By Mervyn George on August 1, 2011

As a consultant I wore two hats. The first was as the freelance resource always looking for long-term project roles and contract extensions. The second was as the face of the customer looking for ways to cut down implementation time and costs while ensuring project completion and success.

Any consultant, whether a freelance individual or an outsourced consulting house, is looking to maximize their revenue from project engagements. It’s the nature of their business. Hours are billable hours and the more billable hours you have the bigger the cut you receive. The second hat requires having the customer’s interests in mind. Although I have experienced working with many colleagues who hold the customer’s interest at heart and aim to deliver the best solution they can, I have also experienced working with colleagues who would do anything to ensure they remain billable for as long as possible. The latter comes at the expense of the customer, both in the short term and in the long term. For example, I helped a customer evaluate how their system had been pieced together after the first phase of their rollout. The consultants who set up their system had introduced so much custom ABAP code for no apparent reason and with no documentation, that it was almost impossible for the in-house analysts to interpret what had been done and why it had been done. The implementation consultants had attempted to secure their involvement with this customer by not disclosing their design activities. So much for getting the cheapest consultants on board.

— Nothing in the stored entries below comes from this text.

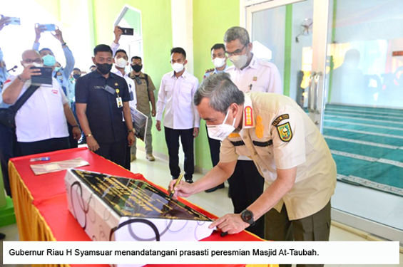 Gubernur Riau (Gubri) H Syamsuar menghadiri peresmian Mesjid At-Taubah yang berada di kawasan Lapas Narkotika, Rumbai Pekanbaru, Senin (19/10/2021). Dalam sambutannya, Gubri menyampaikan sejarah didirikannya Mesjid At-Taubah, yang merupakan amanah dari Menkumham RI, Yasonna H Laoly. Saat itu, Lapas Narkotika Rumbai menjadi tempat hunian sementara warga binaan Rutan Kelas IIB Siak yang bangunannya habis terbakar, karena adanya kerusuhan.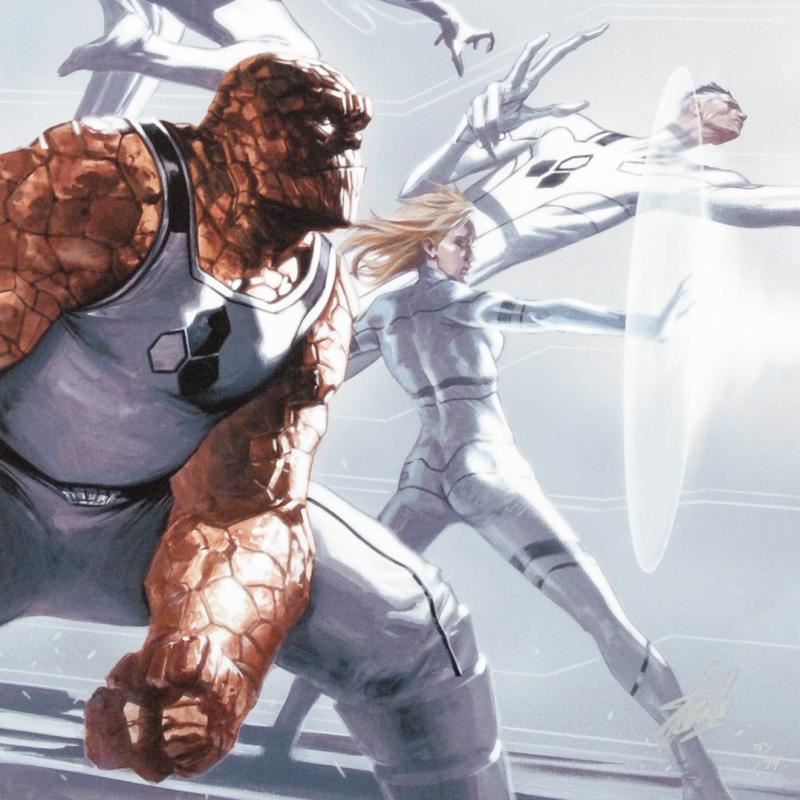A piece of comic book history, this limited edition, from original art by Joe Quesada, depicts the heroic team of the Fantastic Four. Joe Quesada gained renown in the comic book by drawing several Valiant Comics titles. In 1998, Quesada started a series for Marvel called Marvel Knights, the success of which launched him into the editor-in-chief seat and then Chief Creative Officer in 2010. "Fantastic Four #600" is a numbered limited edition giclee on canvas by Joe Quesada presented by Marvel Comics, hand signed by the great Stan Lee! Includes Certificate of Authenticity! Measures approx. 18" x 27" (image).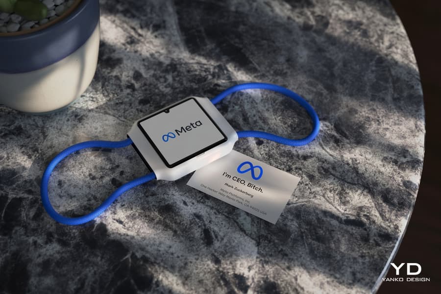 Предположительно, гаджет будет называться Meta Band. Рендеры, созданные Сарангом Шетом и размещённые на Yanko Design, демонстрируют часы с очень нетрадиционным дизайном и странной альтернативой стандартному ремешку. Предполагается, что дисплей будет довольно большим, с каплевидным вырезом наверху, в котором находится селфи-камера.

There are many shortcuts project teams can take during an implementation. During solution design, they can avoid thorough evaluation of all possible solution options or simply stick with what they have done before. Sometimes this works, but in most cases you will miss out on newly released standard functionality that can be very beneficial. Lack of research leads to unnecessary custom developments that could have been solved in a less time-consuming way. Testing of new functionality can be skipped over by assuming that minor tweaks would simply work or by not performing thorough regression testing. It may seem mundane but testing everything is always a good idea, provided you have the time and resources to do so. Training efforts can be slimmed down as well, especially during schedule planning and content preparation, which affects the basic understanding of the most important people in your implementation – the users. Never underestimate the time required to prepare training content, visual guides, presentations and also to deliver the training over various skill levels and to a range of audiences in different locations.

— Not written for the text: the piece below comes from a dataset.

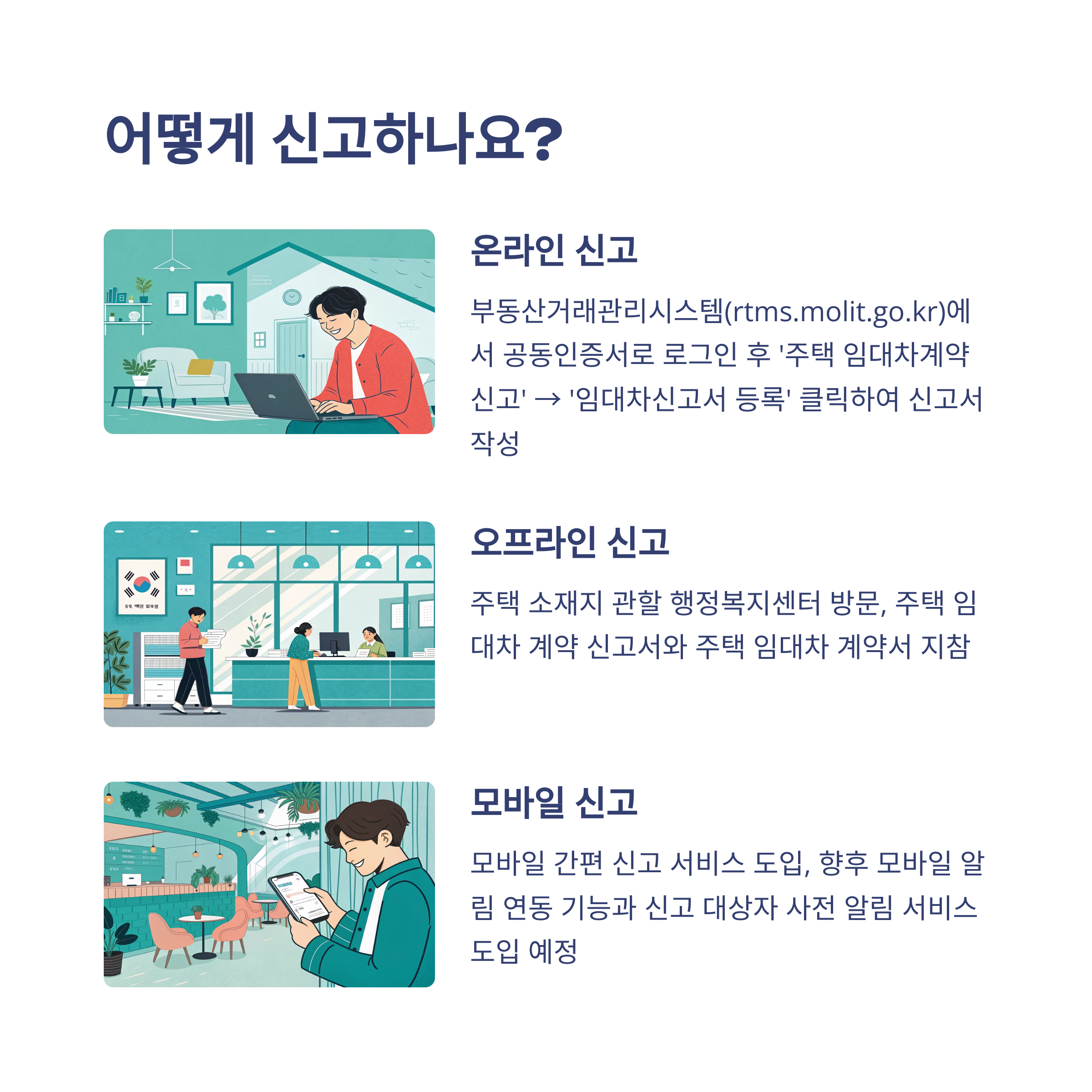 오프라인으로는 주택 소재지 관할 행정복지센터를 방문하면 되고요, 이때는 계약서와 신분증 등 기본 서류를 지참하면 됩니다. 그리고 모바일로는 정부24나 국토부 앱 등을 활용할 수 있는데, 앞으로는 알림 기능까지 연동될 예정이라니까 기대해볼 만해요.

While shortcuts seem appealing during a project they quite often have short term and long term effects. The short term effect is a delay to a project deadline, based on extra time spent to correct minor errors. The long term effect is having to continuously revisit the same flaws in your solution based on a couple of bad decisions. To repair these flaws you may have to use additional resources in trying to fix what should not have been a problem in the first place. Even worse, you could find yourself in a detrimental situation where you cannot roll out upgrades or new features because of those bad decisions. You may also need to retrain a segment of your user community.

Planning correctly is always the most important aspect of SAP implementations. In fact, we quite often observe (but usually ignore) how important planning is to most aspects of our lives. If only we could obey our logical side and not let other factors get in the way.